*WHAT THE TASK REQUIRES*
The lines below, from the one holding "然后,再通过参与者所提供的血液样本,用一种称作 DunedinPACE 的表观遗传时钟的算法,来计算衰老的速度。" through the one holding "Диаметр всасывающего патрубка", are to be restated word for word, with all images left out.

*DATA FOR REVIEW*

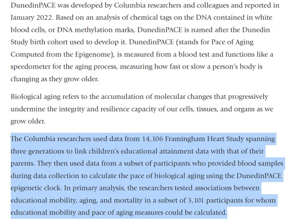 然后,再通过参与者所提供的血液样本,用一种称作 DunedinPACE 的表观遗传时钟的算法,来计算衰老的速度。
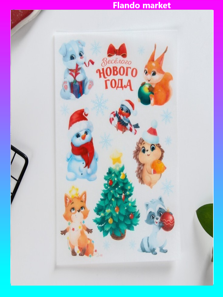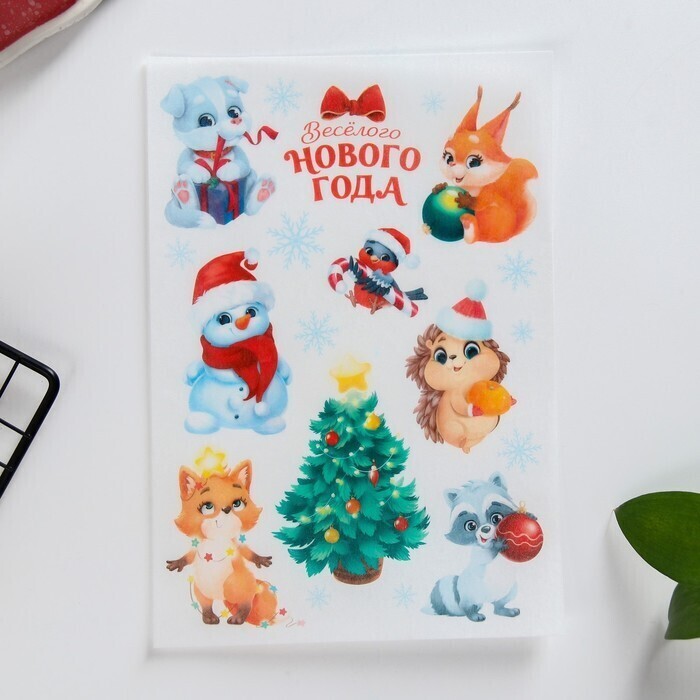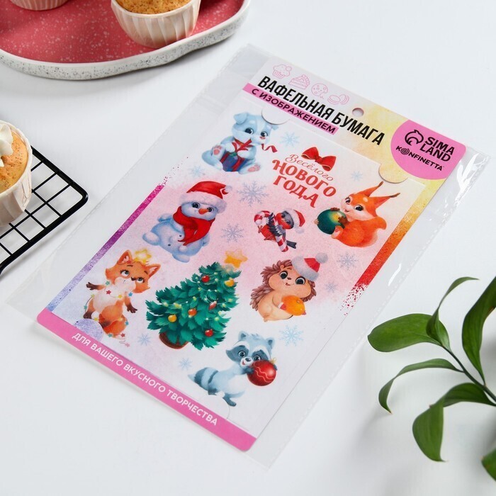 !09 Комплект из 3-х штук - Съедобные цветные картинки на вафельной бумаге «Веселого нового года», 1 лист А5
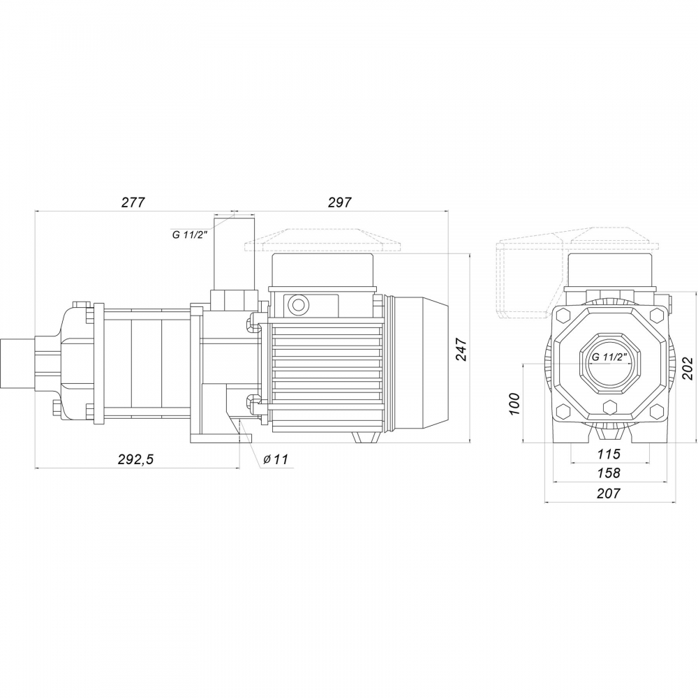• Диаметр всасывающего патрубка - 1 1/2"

--

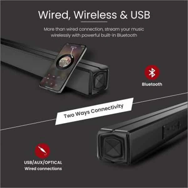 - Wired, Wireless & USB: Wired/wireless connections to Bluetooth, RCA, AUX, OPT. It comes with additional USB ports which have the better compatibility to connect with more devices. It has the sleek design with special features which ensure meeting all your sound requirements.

*SOLUTION FOR THIS EXERCISE*
 然后,再通过参与者所提供的血液样本,用一种称作 DunedinPACE 的表观遗传时钟的算法,来计算衰老的速度。
 !09 Комплект из 3-х штук - Съедобные цветные картинки на вафельной бумаге «Веселого нового года», 1 лист А5
• Диаметр всасывающего патрубка - 1 1/2"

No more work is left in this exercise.